[Supplied material — start]

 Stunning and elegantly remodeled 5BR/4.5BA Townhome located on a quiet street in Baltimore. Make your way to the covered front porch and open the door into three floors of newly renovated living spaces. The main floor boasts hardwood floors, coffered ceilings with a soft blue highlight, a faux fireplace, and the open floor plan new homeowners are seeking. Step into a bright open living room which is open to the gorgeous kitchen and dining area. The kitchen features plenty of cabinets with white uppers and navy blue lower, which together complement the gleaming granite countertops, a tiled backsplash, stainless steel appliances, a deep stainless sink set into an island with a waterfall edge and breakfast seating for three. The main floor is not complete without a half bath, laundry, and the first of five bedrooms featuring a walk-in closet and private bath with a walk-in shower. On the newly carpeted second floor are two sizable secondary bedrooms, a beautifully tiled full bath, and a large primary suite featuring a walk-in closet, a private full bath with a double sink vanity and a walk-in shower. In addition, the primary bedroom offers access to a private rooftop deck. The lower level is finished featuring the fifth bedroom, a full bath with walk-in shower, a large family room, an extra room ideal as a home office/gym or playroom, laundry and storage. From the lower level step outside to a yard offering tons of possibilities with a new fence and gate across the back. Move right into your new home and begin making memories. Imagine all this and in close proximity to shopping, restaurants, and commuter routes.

[Supplied material — finish]
[Supplied material — start]

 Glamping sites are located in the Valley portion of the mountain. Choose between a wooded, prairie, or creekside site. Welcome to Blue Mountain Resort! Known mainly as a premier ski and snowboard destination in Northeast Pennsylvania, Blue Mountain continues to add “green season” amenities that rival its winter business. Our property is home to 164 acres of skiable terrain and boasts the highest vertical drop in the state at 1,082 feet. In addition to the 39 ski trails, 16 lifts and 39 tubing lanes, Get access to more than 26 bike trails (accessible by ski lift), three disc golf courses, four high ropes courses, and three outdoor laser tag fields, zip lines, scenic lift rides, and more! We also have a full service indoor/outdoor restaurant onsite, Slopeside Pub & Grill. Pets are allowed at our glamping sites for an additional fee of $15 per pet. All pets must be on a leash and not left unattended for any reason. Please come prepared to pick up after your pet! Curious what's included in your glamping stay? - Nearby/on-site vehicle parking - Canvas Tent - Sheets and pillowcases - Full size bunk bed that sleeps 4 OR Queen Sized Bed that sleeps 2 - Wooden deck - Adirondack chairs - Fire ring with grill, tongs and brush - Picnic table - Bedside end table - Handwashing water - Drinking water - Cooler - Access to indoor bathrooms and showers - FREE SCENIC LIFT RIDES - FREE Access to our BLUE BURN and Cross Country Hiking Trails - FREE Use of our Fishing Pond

[Supplied material — finish]
[Supplied material — start]

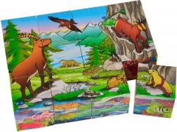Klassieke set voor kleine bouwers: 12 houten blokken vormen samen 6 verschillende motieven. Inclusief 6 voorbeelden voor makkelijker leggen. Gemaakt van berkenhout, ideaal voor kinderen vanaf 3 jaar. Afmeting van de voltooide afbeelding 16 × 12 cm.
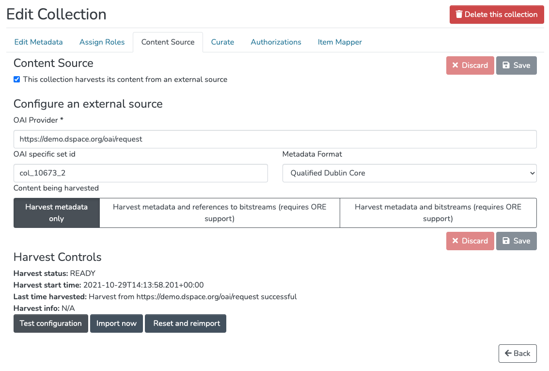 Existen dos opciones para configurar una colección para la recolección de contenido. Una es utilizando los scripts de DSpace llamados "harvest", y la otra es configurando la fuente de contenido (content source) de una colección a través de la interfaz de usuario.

[Supplied material — finish]

# [How to complete this task]
For this exercise, transcribe exactly the part of the records above that opens with the line containing "Klassieke set voor" and closes with the one containing "Existen dos opciones". Pictures are not part of the copy.

# [Response to the exercise]
Klassieke set voor kleine bouwers: 12 houten blokken vormen samen 6 verschillende motieven. Inclusief 6 voorbeelden voor makkelijker leggen. Gemaakt van berkenhout, ideaal voor kinderen vanaf 3 jaar. Afmeting van de voltooide afbeelding 16 × 12 cm.
 Existen dos opciones para configurar una colección para la recolección de contenido. Una es utilizando los scripts de DSpace llamados "harvest", y la otra es configurando la fuente de contenido (content source) de una colección a través de la interfaz de usuario.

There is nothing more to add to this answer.